Projects such as Grupo Fénix, despite their high standards of capacity building, also follow a model that may not be feasible for every rural community, Kruckenberg said, as Grupo Fénix's success is grounded in eco-tourism and university visits from other countries.

However, the organization’s work does spread to other rural areas, where members of the solar community go to teach their technologies, Kinne said. Many of the solar technologies, with the exception of solar panels, are made with materials that can be found locally.

Veronica Delagneau Barquero stands in the doorway of the Tecnosol location in Granada, Nicaragua, on March 12, 2015. The privately owned company has worked to bring solar energy to rural areas and has more recently expanded to an urban market. (Danika Worthington)
Veronica Delagneau Barquero stands in the doorway of Tecnosol in Granada, Nicaragua. The privately owned company has worked to bring solar energy to rural areas and has recently expanded to an urban market. (Photo by Danika Worthington)

Solar in cities

While solar energy has predominantly been a rural issue, Zelaya said, there is a push to bring single-panel projects into cities. Nicaragua offers an energy subsidy for those who use less than 150 kilowatt-hours per month. If energy use goes above that rate, though, costs can triple or quadruple, he said. A solar panel that produces 30 kilowatt-hours per month can make the difference between an $11 to $13 monthly rate and $56 to $60 a month.

Alongside Fundación CHICA in the drive for urban solar energy is Tecnosol, a private company started in 1998. The company is in its second year targeting urban communities, but it has been difficult bringing solar energy into cities, said Tecnosol marketing manager Alfonso Barquero. The company expects it will take three to four years for interest to build.

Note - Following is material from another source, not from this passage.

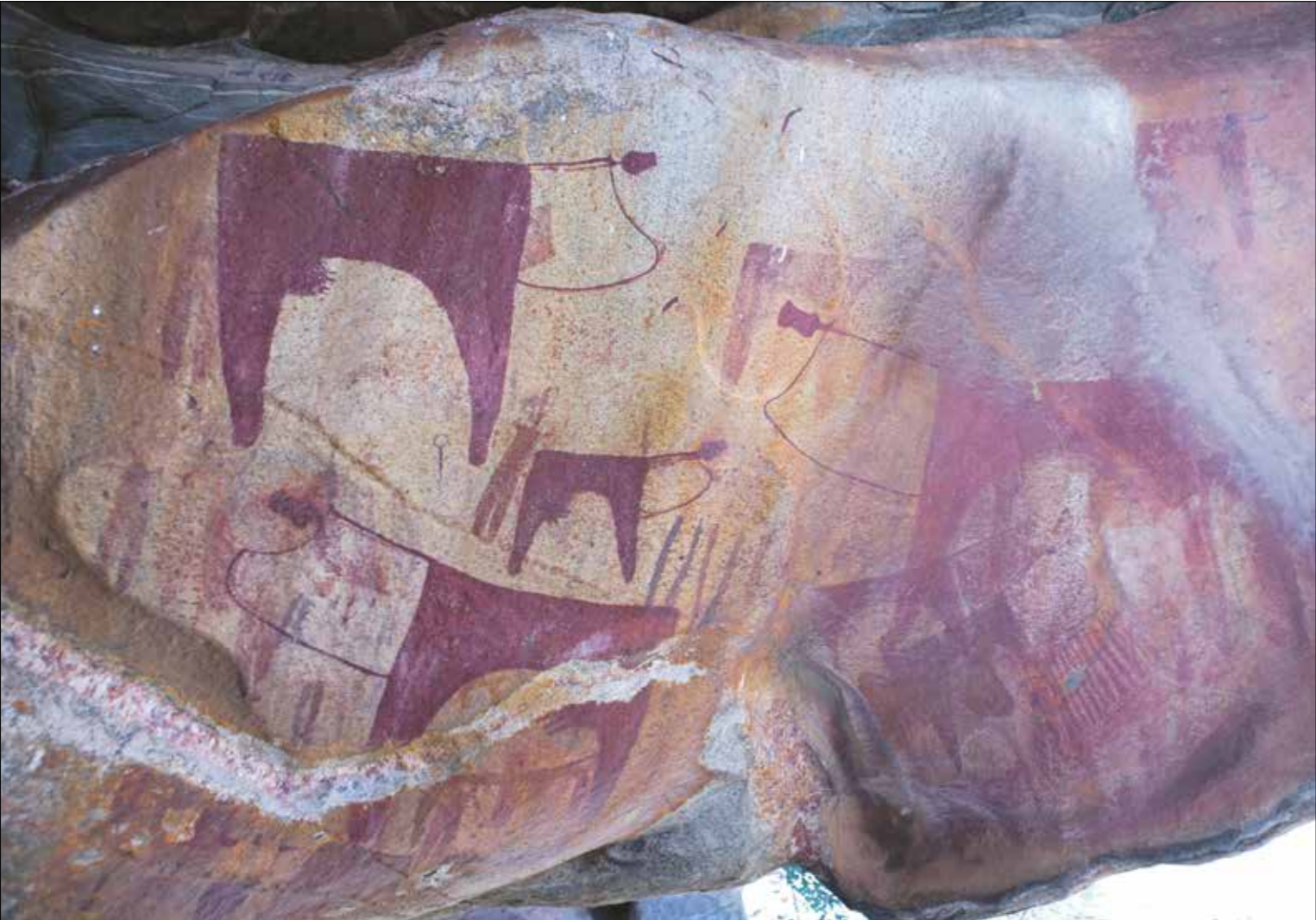
عرف سكان غرب افريقيا في العصر الحجري كيفية اختيار الحجر الجيد لصنع ادواتهم

من جهة أخرى، في دراسة صدرت العام الماضي، أجرتها جامعة غوتنغن، يقول الباحث ديريك هوفمان: «فعلياً، لم يتفق أي سلوك نفعله نحن الآن في حياتنا الحالية، لم يكن إنسان النياندرتال يفعلها. لا يوجد اختلاف كبير بين هذا الإنسان وبين الإنسان المعاصر الذي بدأ في العصر الحجري». بهذا، يبدو أن الافتراضات السابقة حول إنسان النياندرتال، وخصوصاً الاعتقاد بالغرابة العقلية المنخفضة له، بدأت تسقط واحدة تلو الأخرى، إذ تشير العديد من الأبحاث إلى أن أبناء عمومتنا المقربين كان لديهم نفس الشعور بظاهرة الفن مثلاً، كما هو لدينا.

“This issue is how you approach that market and how you explain to people that it’s worth making an investment,” Barquero said. “They want to have savings, because everyone knows here that we are paying a high cost of electricity — higher than other countries on the continent.”

While solar panels should last 25 years or more, given that they have no mechanical parts to break down, issues can still arise from lead acid batteries not getting enough water, Zelaya said. A new battery costs $150, he said. Gel-based batteries are less likely to fail, but they are rare and cost $400.

That’s where capacity building comes in — if owners can maintain their systems, they’re less likely to break down. A panel must operate for four years to create the amount of energy it takes to build, which means it takes that long for the energy it produces to be considered clean, said Central American University professor Claudio Wheelock. That’s why maintenance is central to successful solar systems.

In the solar community in Sabana Grande, families can pay for battery repairs with their work credits. In López’s home, after she bought her solar panel with credits, the battery malfunctioned and the panel ran out of stored energy quickly. López went to the Solar Center and asked for help, and the problem was fixed within three days.

Athough rural solar projects in Nicaragua face setbacks due to equipment failures, organizations that promote capacity building like Grupo Fénix are making strides. In Sabana Grande, solar energy is playing a key role in renewing life in this village once ravaged by civil war.

“I can’t say ‘I’m going to put in conventional (energy),’ because I don’t have money. It’s very difficult,” López said. “It would be good if, as it is with these people of vision, everyone thought the same way. And were we to have only clean energy, it would be very good.”